Sound-Absorption Properties of Materials Made of Esparto Grass Fibers

1
Institute of Acoustics, University Austral of Chile, PO Box 567, Valdivia 5090000, Chile
2
Centro de Tecnologías Físicas, Universitat Politècnica de València, EPS Gandia, C/Paranimf, 1, Grao de Gandia, 46730 Valencia, Spain
3
Universitat Politècnica de València, EPS Gandia, C/Paranimf, 1, Grao de Gandia, 46730 Valencia, Spain
*
Author to whom correspondence should be addressed.
Sustainability 2020, 12(14), 5533; https://doi.org/10.3390/su12145533
Received: 30 March 2020 / Revised: 3 July 2020 / Accepted: 4 July 2020 / Published: 9 July 2020
(This article belongs to the Special Issue Sustainable Acoustic Materials)

Abstract

Research on sound-absorbing materials made of natural fibers is an emerging area in sustainable materials. In this communication, the use of raw esparto grass as an environmentally friendly sound-absorbing material is explored. Measurements of the normal-incidence sound-absorption coefficient and airflow resistivity of three different types of esparto from different countries are presented. In addition, the best-fit coefficients for reasonable prediction of the sound-absorption performance by means of simple empirical formulae are reported.
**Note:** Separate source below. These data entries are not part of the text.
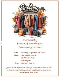 The one-day bazaar, “Shopping with Friends,” will be held Saturday, Sept. 27 sponsored by Friends of Southington Community Services. This fundraiser will be held from 1 to 4 p.m. at First Baptist Church of Southington, 581 Meriden Ave. There is no admission fee.
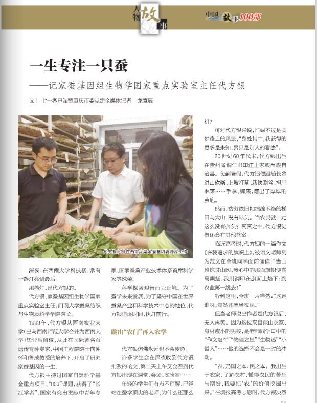 近日,《当代党员》2022年18期以《一生专注一只蚕——记家蚕基因组生物学国家重点实验室主任代方银》为题,报道了学校代方银教授潜心育人治学事迹,原文如下。
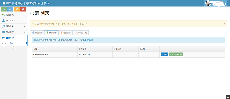 第一步: http://ssc.info.bit.edu.cn/单点登录,进入如下界面,点击自助打印——打印报表——选择要打印的奖项上传到打印池;
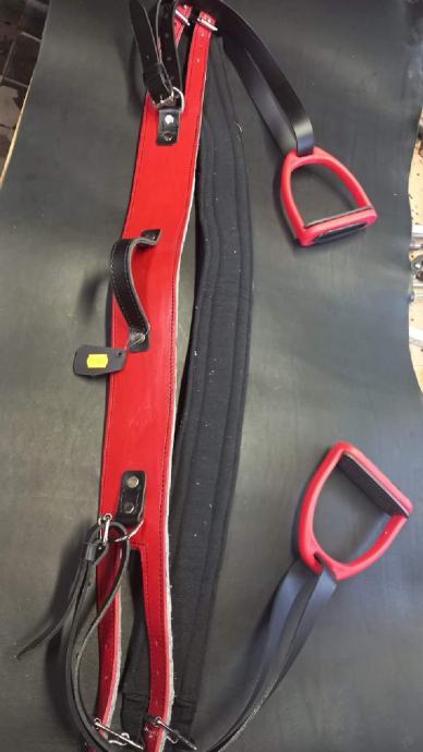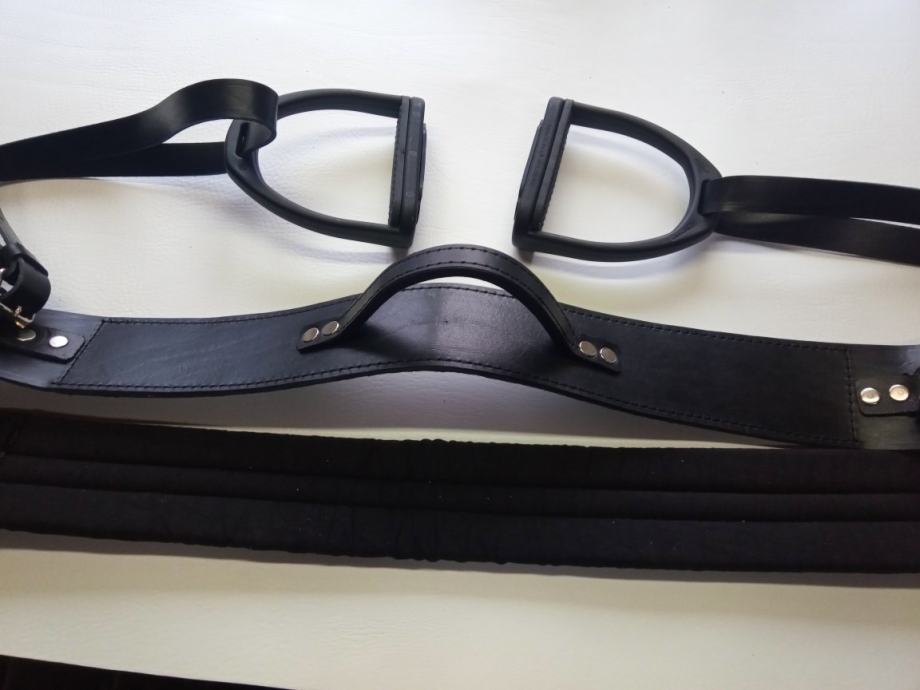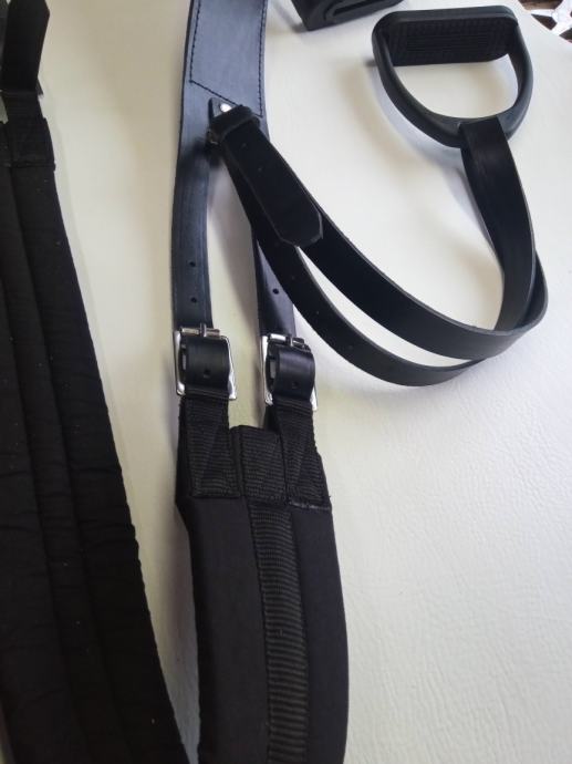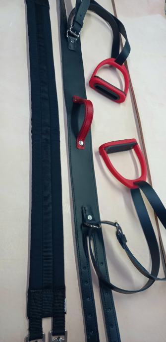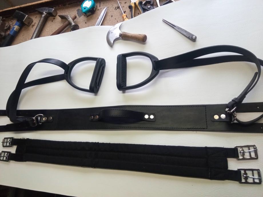 Jahači kolan sa uzengijama i remenima za uzengije , za jahanje bez sedla . Sve od kože , za sve veličine odraslih konja , podesivo , novo , povoljno , slanje poštom .
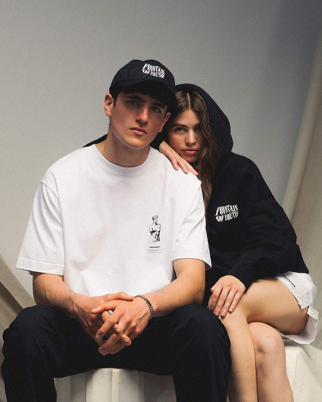 The Greek Myth Capsule for Asphaltgold translates ancient narratives into contemporary graphic expression. I designed a series of textiles that merge mythological symbolism with bold typographic treatments, creating visual tension between classical imagery and modern design language. Distorted letterforms like “Eternal Life” and “Fountain of Youth” evoke the timeless search for immortality, while clean serif typography on pieces such as “True Romance” adds contrast and clarity. By combining statuesque motifs with expressive type, the collection bridges myth, culture, and aesthetics in a distinctly modern way.
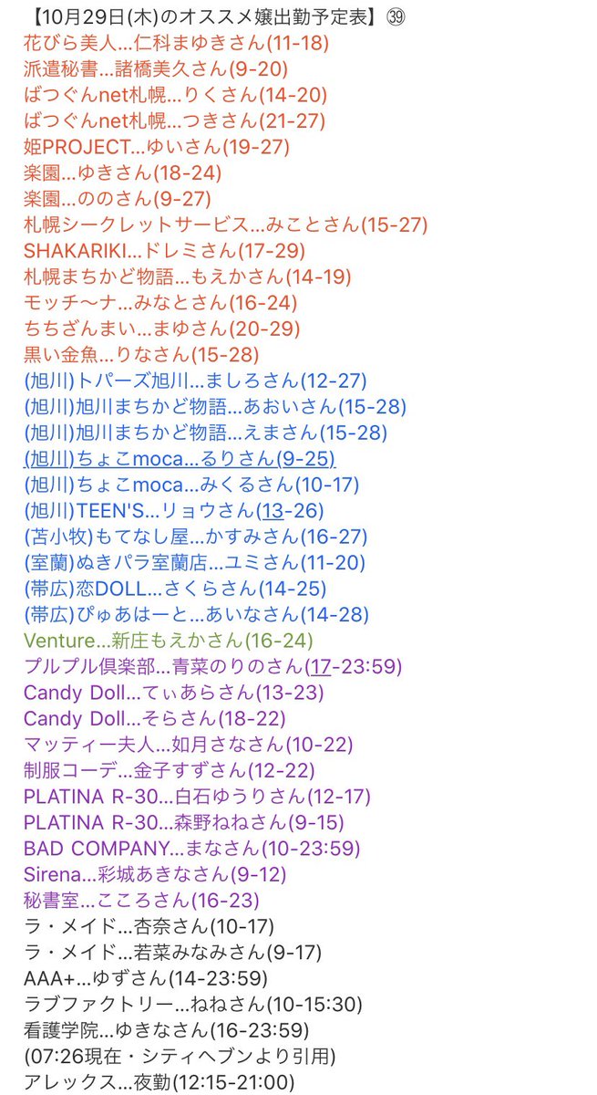 【10月29日(木)オススメ嬢出勤予定表・最新版】
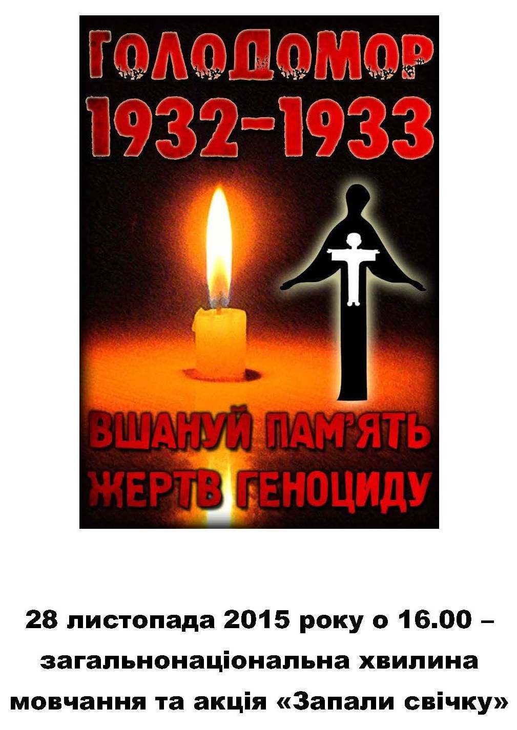 28 листопада 2015 року о 16.00 – загальнонаціональна хвилина мовчання та акція «Запали свічку»
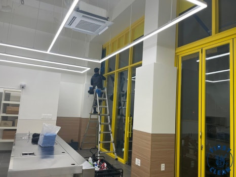 이곳은 이번에 오픈을 앞두고 있는 매장으로, 오전에 오픈 준비로 인해서 새벽 5시40분부터 조명을 켜고 매장 내부유리창부터 작업을 시작으로 외부유리창까지 구석구석 깔끔하게 청소를 진행해주었던 현장이었습니다.

These formulae require only knowledge of the airflow resistivity of the fibrous material. The results presented in this paper are an addition to the characterization of available natural fibers to be used as alternatives to synthetic ones in the manufacturing of sound-absorbing materials.
Keywords: sound absorption; esparto; natural fibers; acoustic materials sound absorption; esparto; natural fibers; acoustic materials

1. Introduction

The use of sound-absorbing materials is one of the main engineering approaches used to control environmental noise [1]. Sound-absorbing materials are usually porous and are being used increasingly in the reduction of reverberant noise in buildings and as constituents of commercially available noise-isolation composites in several applications. Since the use of asbestos fiber was prohibited in the 1970s [2], the main materials employed for noise control have been made of glass and mineral fibers. However, the disposal of these kinds of fibrous materials in landfills has become an environmental challenge. They are difficult to recycle, their burning causes toxic fumes emission, and their industrial production requires large amounts of energy, which increases the emission of carbon dioxide, methane, and nitrous oxide into the atmosphere. Thus, several countries have included the concept of green building materials in their legislation in order to favor the use of environmentally friendly materials, less contaminating processes, and recycled products [3].
The development of acoustical materials based on renewable resources as viable alternatives to mineral wool, fiberglass, and other synthetic fibers has received much attention, in particular in automotive applications [4]. Recent research has been devoted to the use of natural fibers for manufacturing sound-absorbing eco-materials, including vegetal and animal fibers [5,6,7,8,9,10,11,12,13,14,15,16,17,18,19,20,21,22,23,24,25,26,27,28,29]. In general, natural fibers are biodegradable and their processing can be made more economical and environmentally friendly. Natural fibers have also proven to be safer to human health compared with most mineral synthetic fibers since they do not require handling precautions.
Studies of the use of natural fibers to manufacture sound-absorption materials can be divided into two types: those that explore the use of raw fibers and those that consider the effect of adding fibers to polymer matrices to produce sound-absorbing composite materials. The latter are usually called biocomposites and these have been comprehensively reviewed by several authors [5,6].
Asdrubali et al. [7] have presented a review of the research developed on acoustical materials made of natural fibers and recyclable materials. Berardi and Iannace [8] have also reviewed the literature regarding the sound-absorption properties of some natural fibers, including kenaf, wood, hemp, coconut, cork, cane, cardboard, and sheep wool. Acoustic properties of bio luffa samples have been evaluated by Koruk and Genk [9]. Tea leaf waste has also been used to make a sound-absorbing material with a low carbon footprint [10]. The sound-absorption properties of environmentally friendly panels made of coir fiber from coconut husk bonded with adhesive have been studied both experimentally and theoretically by Fouladi et al. [11,12]. Coconut husk and palm leaf have also been investigated by other authors [13,14].
Several other natural fibers suitable as bases for sound-absorption materials have been reported in the literature, such as sisal [15], ramie [16], corn husk [17], broom fibers [18], kenaf [19], bamboo [20], bagasse [21], fique [22], straw and cane [23], oil palm empty bunch [24], coir and date palm [25], pineapple leaf [26], coffee waste [27], flax [28], and chicken feathers [29], among others. These researchers have reported the acoustic performance of different combinations of densities and thicknesses of both the fibers and the resulting bulk materials. The effects produced by the addition of an air space behind the samples have also been noted. Most of these natural materials exhibited very good sound-absorption properties in the middle- and high-frequency range (above 500–1000 Hz), and their sound-absorption values are comparable with commercial materials made of mineral fibers.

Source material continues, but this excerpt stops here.